**Task description:** All of the data should be reproduced word for word, though its pictures must be omitted.
*** Opening of Raw data ***
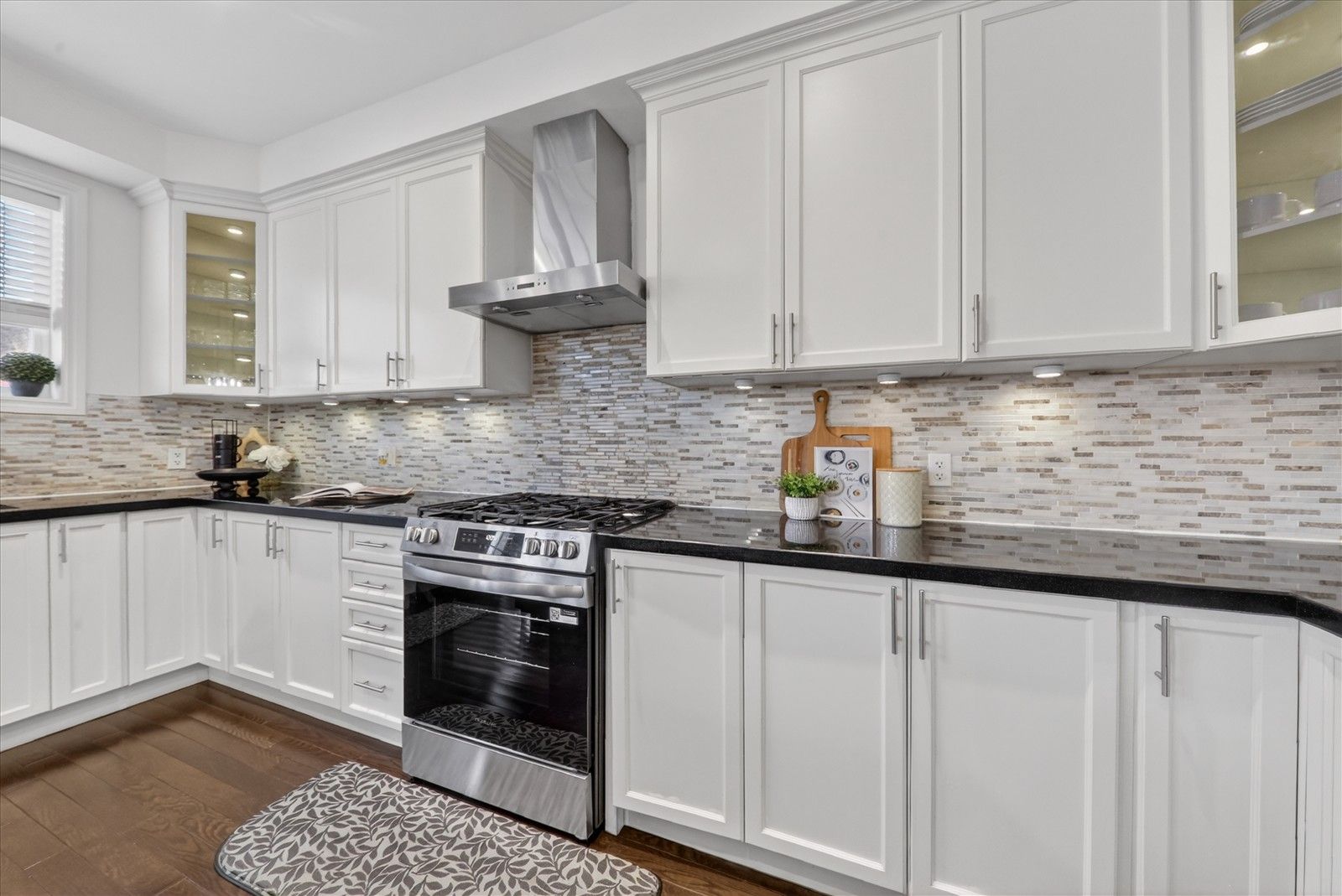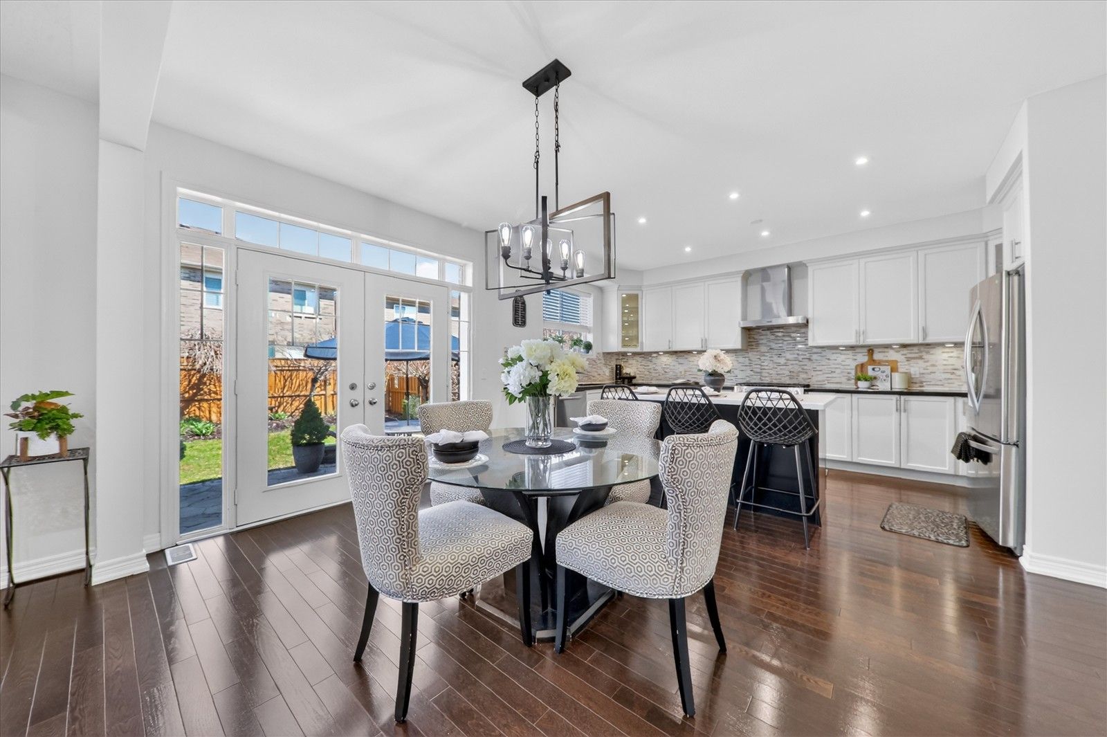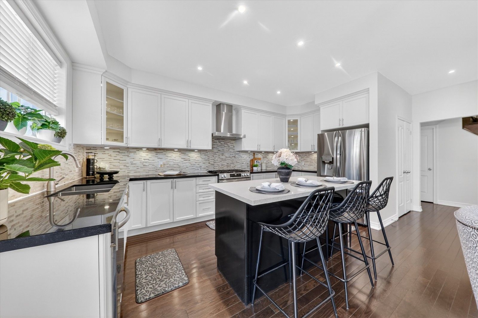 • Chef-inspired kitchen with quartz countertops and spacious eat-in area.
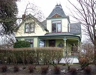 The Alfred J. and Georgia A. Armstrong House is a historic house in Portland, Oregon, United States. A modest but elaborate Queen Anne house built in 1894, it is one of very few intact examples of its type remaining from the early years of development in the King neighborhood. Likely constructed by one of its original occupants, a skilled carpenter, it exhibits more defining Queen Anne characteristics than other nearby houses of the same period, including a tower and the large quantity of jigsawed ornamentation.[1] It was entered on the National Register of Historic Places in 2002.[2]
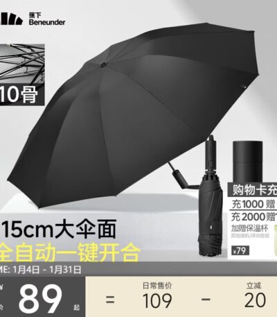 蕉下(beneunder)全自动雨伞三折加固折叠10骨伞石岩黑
*** Close of Raw data ***
**The completed task:**
 • Chef-inspired kitchen with quartz countertops and spacious eat-in area.
 The Alfred J. and Georgia A. Armstrong House is a historic house in Portland, Oregon, United States. A modest but elaborate Queen Anne house built in 1894, it is one of very few intact examples of its type remaining from the early years of development in the King neighborhood. Likely constructed by one of its original occupants, a skilled carpenter, it exhibits more defining Queen Anne characteristics than other nearby houses of the same period, including a tower and the large quantity of jigsawed ornamentation.[1] It was entered on the National Register of Historic Places in 2002.[2]
 蕉下(beneunder)全自动雨伞三折加固折叠10骨伞石岩黑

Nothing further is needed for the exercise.